De parabel van de verloren zoon in het dialekt van Duinkerke
Een versie van kapelaan Lodewijk van Haecke
1873
In zijn Algemeen Nederduitsch en Friesch Dialecticon, uitgegeven te 's Gravenhage in 1874, heeft Johan Winkler voor Frans-Vlaanderen niet meer dan drie versies van de ‘Verloren Zoon’ opgenomen: 1. Caestre, in een versie door E. de Coussemaker gepubliceerd in 1859; 2. Sint-Winoksbergen, in een versie bezorgd door de jonge Houtemnaar Frederik De Siere; 3. Duinkerke, in een versie van 1873, bezorgd door Lodewijk van Haecke, alsdan kapelaan van het H. Bloed te Brugge.
Van Haecke, een Bruggeling, was in 1862-1864 leraar geweest te Poperinge. Zijn kennis van het Poperingse dialect kan een aanleiding geweest zijn om de versie in het verwante Duinkerke aan te pakken. De bemiddelaar tussen hem en Johan Winkler was De Bo, die tot in 1873 leraar was in Brugge. Door zijn Westvlaams Idioticon (1870-73) was De Bo in betrekking gekomen met Winkler, en kapelaan van Haecke behoorde tot de vriendenkring van De Bo.

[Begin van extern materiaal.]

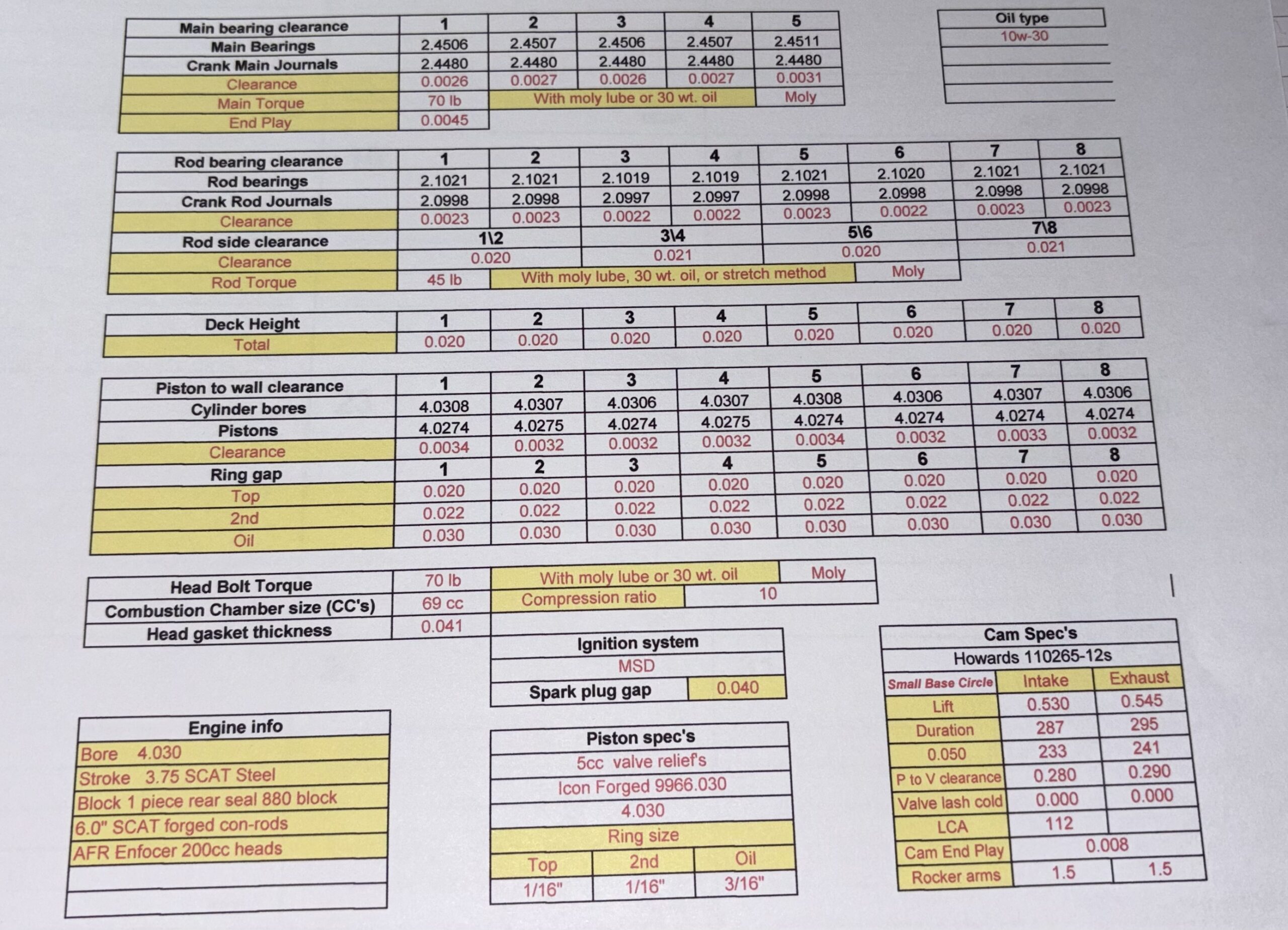 The sheet with all the engines clearances and vital information

Voor het leven van de Vlaamse volkstaal in Duinkerke, honderd jaar geleden, is van Haecke's versie een getuigenis. De dialektologische waarde van die versie wordt echter beperkt door de metode zelf (de literaire dwang van de parabel) en door de literaire bekommernis van de opnemer. Ook de weergave ‘in nederlandsche spelling’ was uiteraard een handicap.